In an article titled "Researchers Duel Over Chantix and Heart Risks," Silverman writes: "A spat has broken out among researchers over the extent to which the controversial Chantix quit-smoking pill is linked to cardiovascular risks. A meta-analysis that was published last week in BMJ found the drug, which is sold by Pfizer, does not increase the risk of heart attacks and strokes. The results contrast with a meta-analysis published last year that maintained Chantix does increase heart risks, a conclusion the authors of the latest study labeled “misleading.” ... “There is a simple explanation why this study could not detect a difference in cardiovascular risk. Because of a weak design it was unable to detect any effect on anything,” Thomas Moore, a senior scientist with the Institute for Safe Medication Practices and who serves as a consulting expert in the civil litigation regarding Chantix, writes us in an e-mail. “It would be a serious scientific error to make a safety claim based on a study that did not disprove the null hypothesis.”
The Rest of the Story
Thomas Moore points out the most critical point: that the existing research base consists of studies that were not powered to detect a small adverse cardiovascular effect of Chantix use. They were powered to determine whether Chantix is effective in smoking cessation. Because of the low power of these studies, even the meta-analysis - which combines the results of all of them - has wide confidence intervals around the estimate of risk and leaves open the possibility of a small, but clinically quite significant adverse cardiovascular effect of Chantix.

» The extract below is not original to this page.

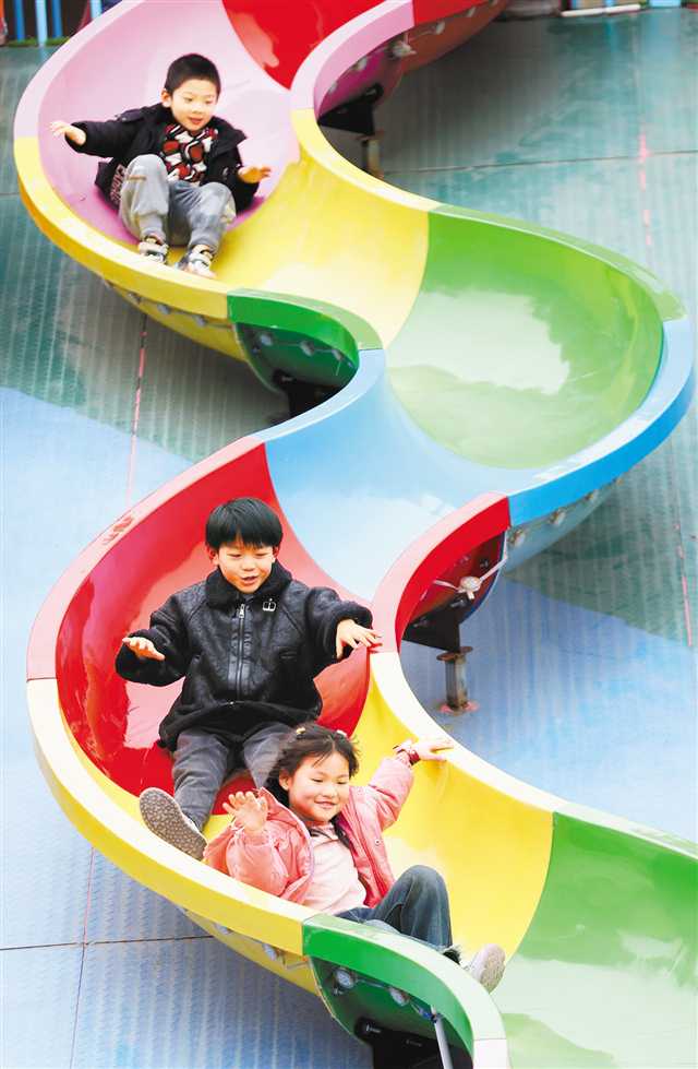 2023年12月31日,巴濱路魅力山城運(yùn)動(dòng)公園,幾個(gè)小朋友正高興地游玩彩虹滑梯。特約攝影 鐘志兵/視覺(jué)重慶

However, the conflicted researcher, who is funded by Pfizer - the manufacturer of Chantix - was willing to draw a definitive safety conclusion based on the inadequate existing data. The FDA recognizes the problem of the low sample sizes in these studies, and it is for this reason that the agency is requiring a study of 8000 patients (the individual studies generally have just a few hundred patients) to assess the cardiovascular risks of Chantix.

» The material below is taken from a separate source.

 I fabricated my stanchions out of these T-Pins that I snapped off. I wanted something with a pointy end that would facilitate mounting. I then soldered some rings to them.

Another major issue with the conflicted researcher's work is that she excluded adverse events occurring more than 30 days after discontinuation of the drug. However, as pointed out by Dr. Sonal Singh from the Johns Hopkins Bloomberg School of Public Health in the Pharmalot article, the cardiovascular risk is not simply due to the presence of the drug in the bloodstream and researchers must look beyond simply 30 days after drug discontinuation: "Singh noted that his meta-analysis examined patients through the duration of the Chantix trials because what remains unknown is the the length of time that a heart risk may appear after treatment ends. “We were learning from the Vioxx issues. With Vioxx, heart risks didn’t climb until long after people were taken off the drug. She assumes the potential CV risk is due to direct effect of the drug being in the body, so when the drug is out the risk should go away. I’m making a very different assumption. I don’t know how the drug is increasing heart risk, so I’ll count data through the end of a study and some lasted up to a year,” he says. “Which world do you live in? She’s assuming she knows how the drug causes CV risks and I’m assuming I don’t know. And those are the kinds of studies that are needed.”"
Dr. Singh makes a critical point. Since we don't know how Chantix increases heart attack risk, if it does increase that risk, then it is imperative not to assume that the effects must occur within 30 days of drug use. The assumption that the conflicted researcher makes is a perfect example of the kind of bias that can easily be introduced into research by a financial conflict of interest.